I shrugged. "Perhaps I will stay in the barn tonight. I'm sure it is cleaner in there."

"The hayloft isn't so bad if you can climb up there with that leg of yours," she agreed.

"Wherever I sleep, I will manage just fine."

"I suppose you will."

The silence between us began to stretch on. I was no good with women like this. In the years since meeting Finnick, he had joked that his charm had rubbed off on me. I doubted that even he could breach the walls that Katniss had built up around her. I got the feeling that she didn't want to like me, and even more that she didn't care whether or not I liked her. Because I was providing much needed help for her family, she would tolerate me, but nothing more.

"I'll have Mama put a pitcher and basin on Pa's old shaving stand on the back porch. The pump is just over yonder." She hooked a thumb back by the house.

"Thank you for your hospitality," I murmured softly.

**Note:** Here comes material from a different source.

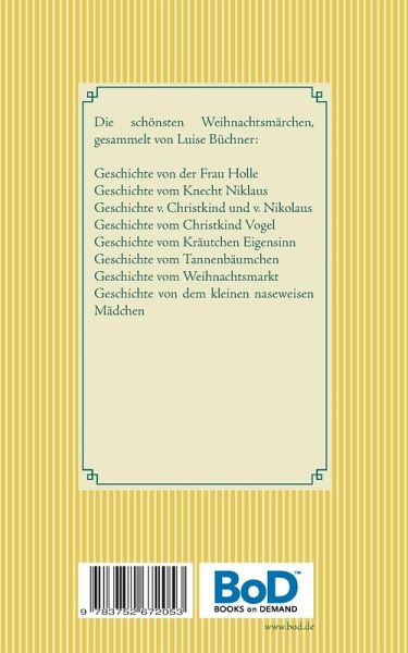 Die schönsten Weihnachtsmärchen, gesammelt von Luise Büchner:Die Geschichte von der Frau HolleDie Geschichte vom Knecht NiklausDie Geschichte vom Christkind und vom NikolausDie Geschichte vom Christkind-VogelDie Geschichte vom Kräutchen EigensinnDie Geschichte vom TannenbäumchenDie Geschichte vom kleinen naseweisen MädchenDie Geschichte vom Weihnachtsmarkt

Fury drained the color from her eyes, and she glared at me. "Let's get this straight, Mellark. It ain't hospitality. You bought this place from Snow right out from under us. It might be legal and you might not have known about us, but don't think for one minute that you are wanted here."

"Like it or not, Miss Everdeen, I am here to stay," I replied, feeling the prick of anger rising inside me. "I will be as kind or harsh as you decide you will allow for now. I don't like what Snow did to you, but there is little I can do about it at this point. Hate me for it, if you will, but do not mistake me for someone weak."

"Go to Hell!" she spat out as she stomped out of the bunkhouse.

I made no move to go after her. Instead, I stood in the darkened room and let out a dark laugh. Little did she know that she was wishing me back to a place that I had already escaped and climbed out of. It was a darkness so deep and engulfing that I doubted that she could ever fathom its depths, and no amount of wishing on her part would ever see me back there.